The Knowledge
Sharing Foundation
General Systems AS-IS Model
of federal procurement of advanced Information Technology
Authored by
January 1st, 2003
(See also)
General
systems theory can be applied to the process of evaluating and deploying
technology in support of intelligence operations.
In many competitive markets the open competition
between suppliers of product works well.
But traditional commercial non-disclosure agreements and the sensitivity
of real-time data limit the competition to a few trusted partners.
To understand the knowledge sciences it is
necessary to understand what is possible from computer based analysis and
synthesis of structured and semi-structured data. This type of innovation has had difficulty in transfer into
national defense information technology because the procurement cycle is simply
too long in duration.
The
procurement situation is exasperated by the nature of the transfer of basic
innovation from academic centers, and from individual innovators, into
intellectual property. In traditional
business models, vendors require IP and non-disclosure (trade secrets) as a
re-requisite to creating commercial product.
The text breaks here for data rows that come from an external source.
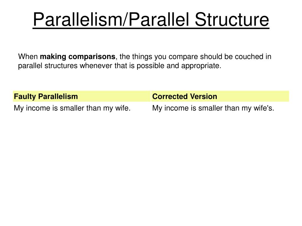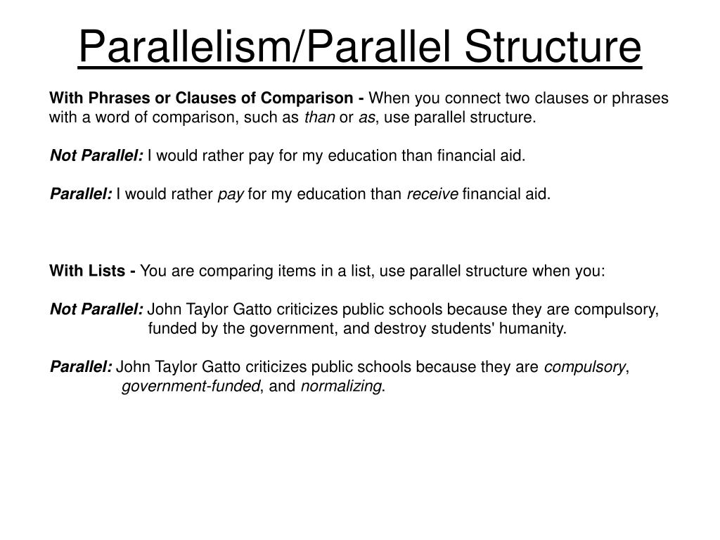 Parallelism/Parallel Structure With Phrases or Clauses of Comparison - When you connect two clauses or phrases with a word of comparison, such as than or as, use parallel structure. Not Parallel: I would rather pay for my education than financial aid. Parallel: I would rather pay for my education than receive financial aid. With Lists - You are comparing items in a list, use parallel structure when you: Not Parallel: John Taylor Gatto criticizes public schools because they are compulsory, funded by the government, and destroy students' humanity. Parallel: John Taylor Gatto criticizes public schools because they are compulsory, government-funded, and normalizing.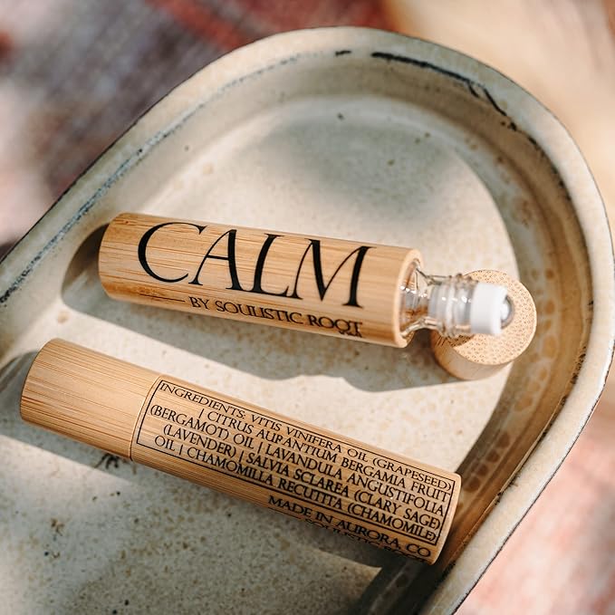 - Calm essential oil roll on - made with a calming blend of grapeseed oil, chamomile, clary sage, bergamot and lavender essential oil. This stress relief blend of essential oils can be applied throughout the day to help unwind and support relaxation.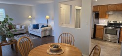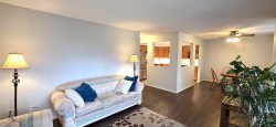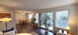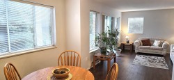 Beautifully updated, immaculately maintained, 2-bed, 1-bath open-concept CORNER UNIT. Located on the 1ST floor, but elevated above ground level, offering an ideal blend of convenience, privacy, and security, surrounded by lush trees and shrubs that provide natural sound dampening. The spacious kitchen is a rare find featuring S/S appliances, new countertops, stylish backsplash, refinished cabinets, updated sink & fixtures, and room for an eating area. The living room and dining room are flooded with natural light through a nearly full wall of windows and sliding glass door opening to a private balcony. IN SUITE LAUNDRY, abundant storage, and additional storage locker on the same floor. 1 secure underground parking (+ optional rental). Centrally located. This condo checks every box!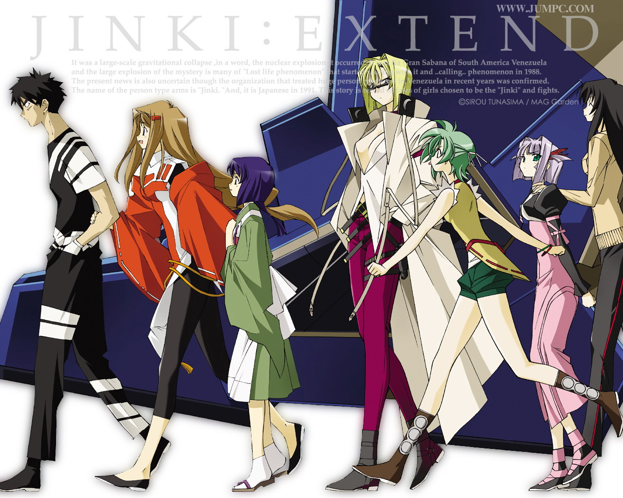 Description: A group of anime characters walking together in front of a blue car with a white background and a white background.

But conflicting patents, and patents on algorithms (mathematics) that
have significant prior published history make objective evaluation difficult.
Mapping
the patent space surrounding computational intelligence and comparing this map
to a map of the academic literatures reveals the nature of transfer
issues.
One
can see that a few issues dominate all others in slowing the pace and reducing
the quality of innovation transfer.
One can, and should, observe that a class of specific types of values is lost in the transfer of innovation to a product. General systems analysis of the transfer is needed in order to understand what this class of values is, and how to adjust the procurement process so that the government may reduce the loss.
The present rules of procurement take too long and are too rigid. This process is not allowing the most relevant
methods to be identified.
Educational material is not developed by academia so that users can
hope to understand these methods.
Core methods are not deployed within a software infrastructure where
the core systems are available in an agile and flexible fashion.
An
mismatch has grown between intelligence communities use of vendor software and what
is possible given both educational processes and software functionality that is
essentially based on pure mathematics (neural networks, genetic algorithms),
machine representation of taxonomy and ontology, and formal logics.
This
is a natural consequence of vendor control of core mathematics and
methods.
General
systems models of the procurement process reveals that the procurement process
has created a number of distinct communities.
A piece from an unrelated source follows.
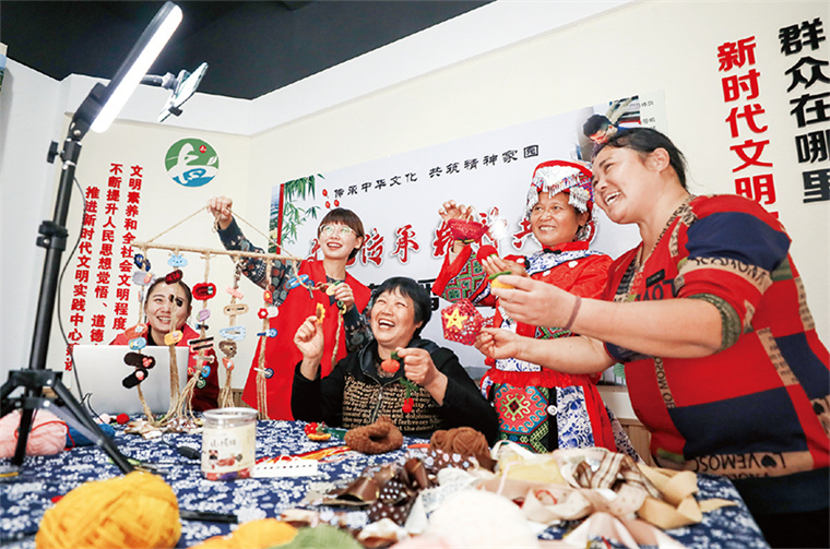 2021年10月27日,浙江省湖州市長興縣虹星橋鎮(zhèn)畢家村在新時(shí)代文明實(shí)踐站開展“文化傳承,精神共富”直播帶貨活動(dòng)。該村以“黨建+”的形式,帶領(lǐng)村民一起制作手工藝品,學(xué)習(xí)電商、直播等線上營銷網(wǎng)絡(luò)新技能,提升村民就業(yè)技能,助力共同富裕。圖為青年黨員志愿者和村民一起直播帶貨?!∏笫菆D片 陸一平/攝

Each of these acts to maximize narrowly defined group interest. Most often the groups’ interests are
expressed as financial compensation.
Most often groups avoid actions that benefit other groups because the
capacity to compete on future proposals might be enhanced and might then
restrict financial compensation from these future proposals. This is
understandable and is often healthy, but also one needs to understand some of
the consequences of locally expressed self-interest, with respect to the global
interests.
Thus,
something like the stratified economic theory of Nash can be found to be absent
in the overall process that governs the behavior of these communities. The global value that might develop from
high quality transfer of innovation into adapted technology does not occur, due
to the local interests of each competing community. Sometimes, the correct products are not developed and when
deployed do not work.
No one wants to see our intelligence community
fail again in managing real time information about the threats from
asymmetrical warfare. But it is not
clear how to adjust community behavior in an environment where competition
overwhelms collaboration almost immediately.
Stability
has settled around a specific process that accounts well for the self-interest
of the various communities, but accounts poorly for global needs of the
intelligence community. The global need
is too difficult to meet, and there is too much money in the system. The system stability has a greater
propensity to maintain current behaviors than to make needed adjustments.
The
problems, that must be better addressed, are related to informational awareness
of the real time processes that are occurring in support of asymmetrical
threats. We have to see and understand
the activity of an enemy that is using every means possible to remain
stealthy.
The global need is for clear, agile and interoperable information systems where advanced computational intelligence (data mining) tools are un-encumbered by vendor business models and users have a liberal understanding of the limitations and features of a set of core tools.
Part
of elevating the process comes by understanding the way problems are
entrenched, and finding a by-pass that changes the system in a positive
fashion.
We
have the possibility of a different type of deployment model that has two
components
1) An university based educational component that provides a liberal arts understanding of the history and principles of those areas of computer science, cognitive science and general systems theory that one might suppose must inform the decision about technology evaluation and deployment. Scientists would develop a curriculum.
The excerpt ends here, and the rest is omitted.